20 May 1581
My darling… I haven’t stopped thinking of you since we met. I am imagining the moment in my head, time and time again, and thinking of your kindness after I tripped at market and dropped my basket of apples. It seems that this mistake was the perfect introduction as it established me as quirky and relatable, and I am thankful that our stars aligned in this way. I do hope to see you again.
22 May 1581
My sweet Jeremy… I am delighted to hear that I have captured your heart as well. According to your most recent letter, it would seem like I am poised to become a vessel for your artistic inspiration and growth, relegating my own interests and passions to the background. Fear not—this is quite fine with me. What simple cares of mine could possibly overshadow your destiny? Do be sure to use your affections for me to write a story or sonnet so lovely that your legacy is secured. T’would be just fine with me.
Yours and yours and yours again,
4 June 1581
Have you heard the music of The Smiths? I do believe that Thomas, William and Kingsley Smith play the finest music in town: one on a lute, one on the strings, and one singing songs that pierce the soul. They play their tunes at a pub off the beaten path. I would bet that you’ve not heard of them. But give it a try when you have the chance, my love.
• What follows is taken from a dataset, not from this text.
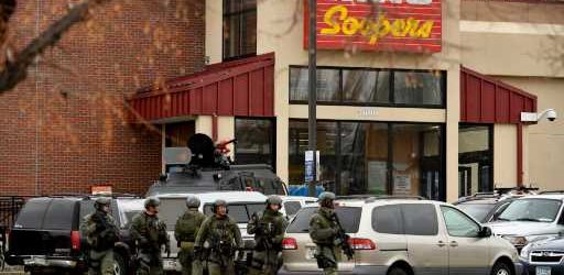 A timeline of the shooting compiled by The Denver Post shows that officers were inside the building four minutes after being dispatched to the scene. Seventeen minutes after the first dispatch, police used an armored vehicle to break the store’s windows and SWAT teams entered the building about 50 minutes after the first dispatch, quickly taking the suspect into custody.

I do promise they will change your life.
Yours most truly,
20 June 1581
Sweet Jeremy— I am quite sorry that I haven’t written for a spell. The heat of summer has me feeling irritable and withdrawn. I’ve chopped my locks of hair a bit and taken to smoking a pipe and have hence been accused of imitating masculinity. What can I say? Sometimes I just feel like one of the fellows. After all, I’d rather have a hearty turkey leg and mead than fresh vegetables from the garden any day.
I hope you’re well and relish the day I can once again look upon your face. How wonderful to know that such a brilliant, anguished artist like yourself could ever hold affection for someone like me.
23 June 1581
I thought of you yesterday, my love, when the sky burst open and the rain began to fall. I decided to run and dance in the storm in a sudden moment of abandon. I almost hate to admit it, but I even kicked off my shoes and let my feet touch the earth. I suppose you could say that I am spontaneous and flighty and free and inspire you to someday try to live with such moments of gaiety. Anyways!
I love you and you alone for some inexplicable reason,
6 July 1581
My Jeremy, I write with terrible news. A mysterious illness has befallen me and it would appear that I won’t make it much longer. Rest assured that the tragic event of my inevitable death will only serve to create further depth for you and propel you along on your journey to greatness. There isn’t a roadmap for such occurrences, but I imagine that you will initially take some time to retreat in sadness and shirk your responsibilities, eventually accept a visit from a mutual friend to have a conversation about all the things you loved about me, and conclude that although it was horribly painful for you to lose me, the Love of your Life, it is better than having never known me at all. You will find hope in this notion and go on to create something beautiful.
It has been the privilege of my life to be loved by you for these 47 whole days.